ABO gene editing for the conversion of blood type A to universal type O in Rhnull donor-derived human-induced pluripotent stem cells

The limited availability of red cells with extremely rare blood group phenotypes is one of the global challenges in transfusion medicine that has prompted the search for alternative self-renewable pluripotent cell sources for the in vitro generation of red cells with rare blood group types. One such phenotype is the Rh-null, which lacks all the Rh antigens on the red cell membrane and represents one of the rarest blood types in the world with only a few active blood donors available worldwide. Rh-null red cells are critical for the transfusion of immunized patients carrying the same phenotype, besides its utility in the diagnosis of Rh alloimmunization when a high-prevalence Rh specificity is suspected in a patient or a pregnant woman.
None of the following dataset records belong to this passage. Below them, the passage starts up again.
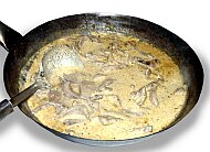 Dvije glavice sitno narezana luka na minimalno ulja, sa dodatkom mješavine začina i soli (neki to zovu Vegeta, neki Začinka) veselo je krčkalo u voku. Brzo sam narezal jetrice na tanke listiće i ubacil u vok, da delaju društvo luku. Jetrica su uskoro promijenila boju, ali je bilo premalo tekućine. Kao da čita misli, Ivor mi donese pivu. Pola ulih u vok, pola u sebe. Od začina dodah biber, zelenu, muškatov orah, malo lovora i dvije glavice sitno rezana češnjaka. Zanimljivo, ali češnjak i vrhnje se skladaju u ukusima, pa dodah i to. Polako miješam i čekam da zavrije.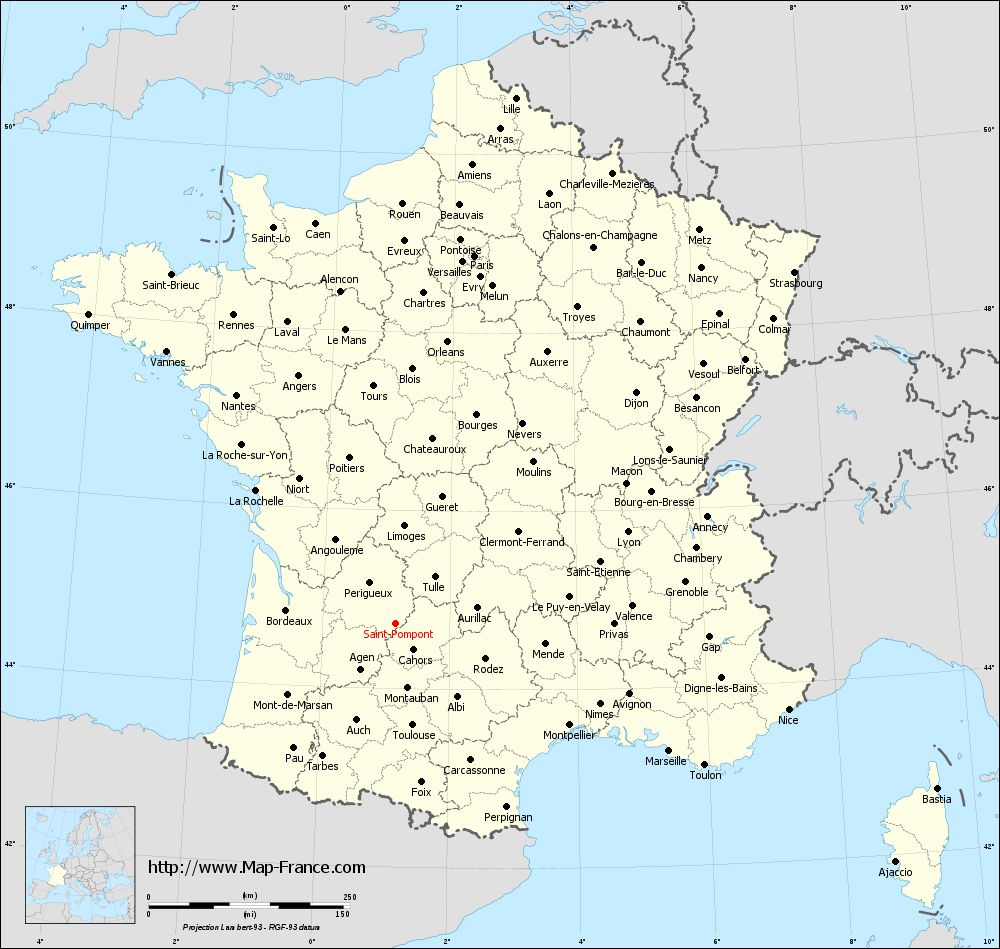 You will find the location of Saint-Pompont on the map of France of regions in Lambert 93 coordinates. The town of Saint-Pompont is located in the department of Dordogne of the french region Aquitaine.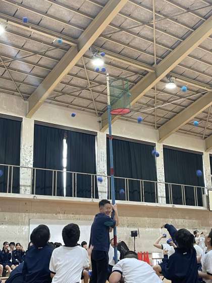 本日、1年生は学年全体でのレクリエーション活動などを通じて、「なかまづくり」を目的とした校内学習を実施しました。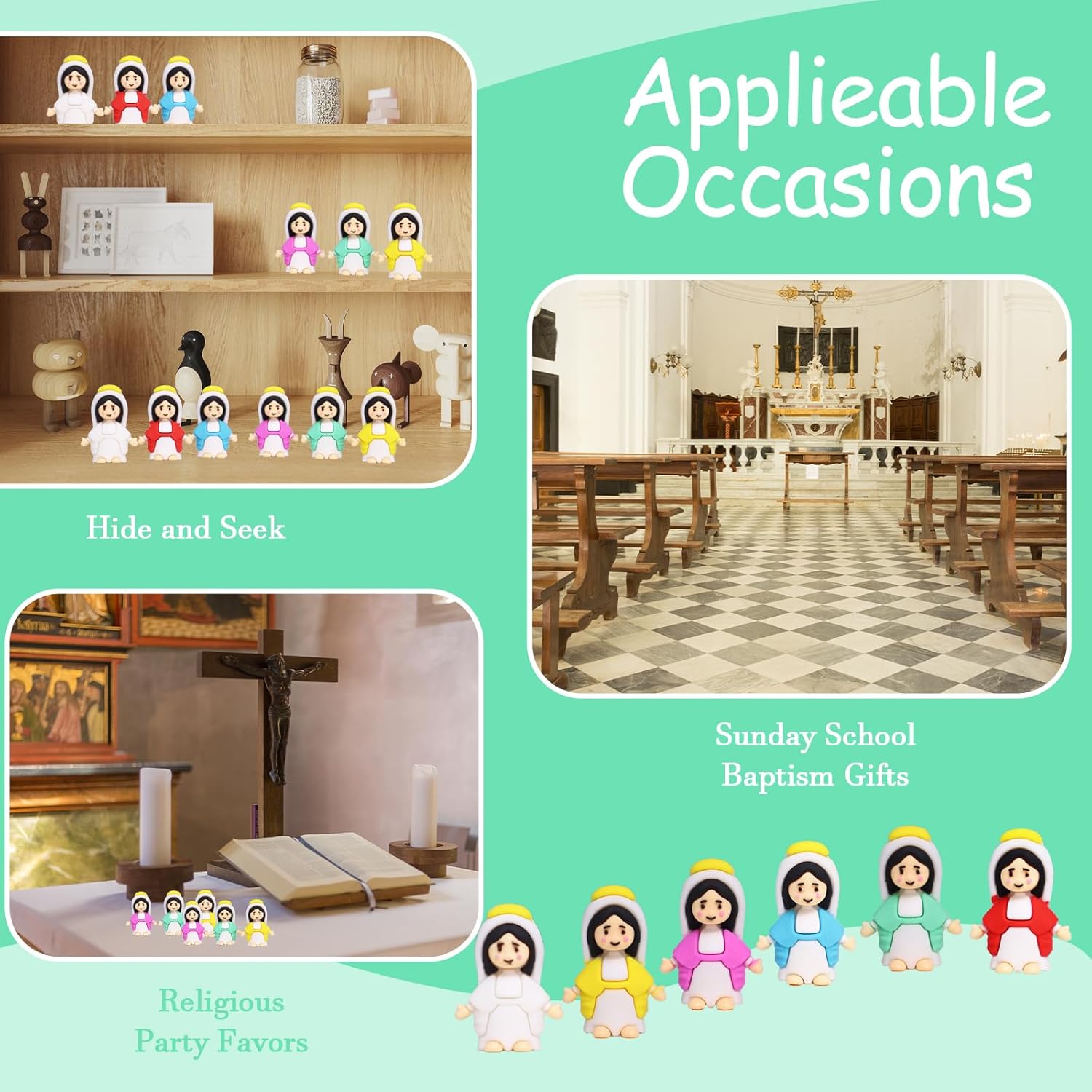 2.Our Little Virgin Mary Figurines Are Perfect for Sunday Services or As Little Jesus Gifts. These Mini Figures Are Not Only Charming But Also Profound Symbols of Faith.

In both scenarios, the potential use of human-induced pluripotent stem cell (hiPSC)-derived Rh-null red cells is also dependent on ABO compatibility. Here, we present a CRISPR/Cas9-mediated ABO gene edition strategy for the conversion of blood type A to universal type O, which we have applied to an Rh-null donor-derived hiPSC line, originally carrying blood group A. This work provides a paradigmatic example of an approach potentially applicable to other hiPSC lines derived from rare blood donors not carrying blood type O.

Automated summary

The limited availability of red cells with extremely rare blood group phenotypes has led to the search for alternative sources of pluripotent cells for the generation of these rare blood types. This study presents a CRISPR/Cas9-mediated gene editing strategy to convert blood type A to universal type O, and successfully applies it to an Rh-null donor-derived hiPSC line. This research provides an example for potential application to other hiPSC lines derived from rare blood donors.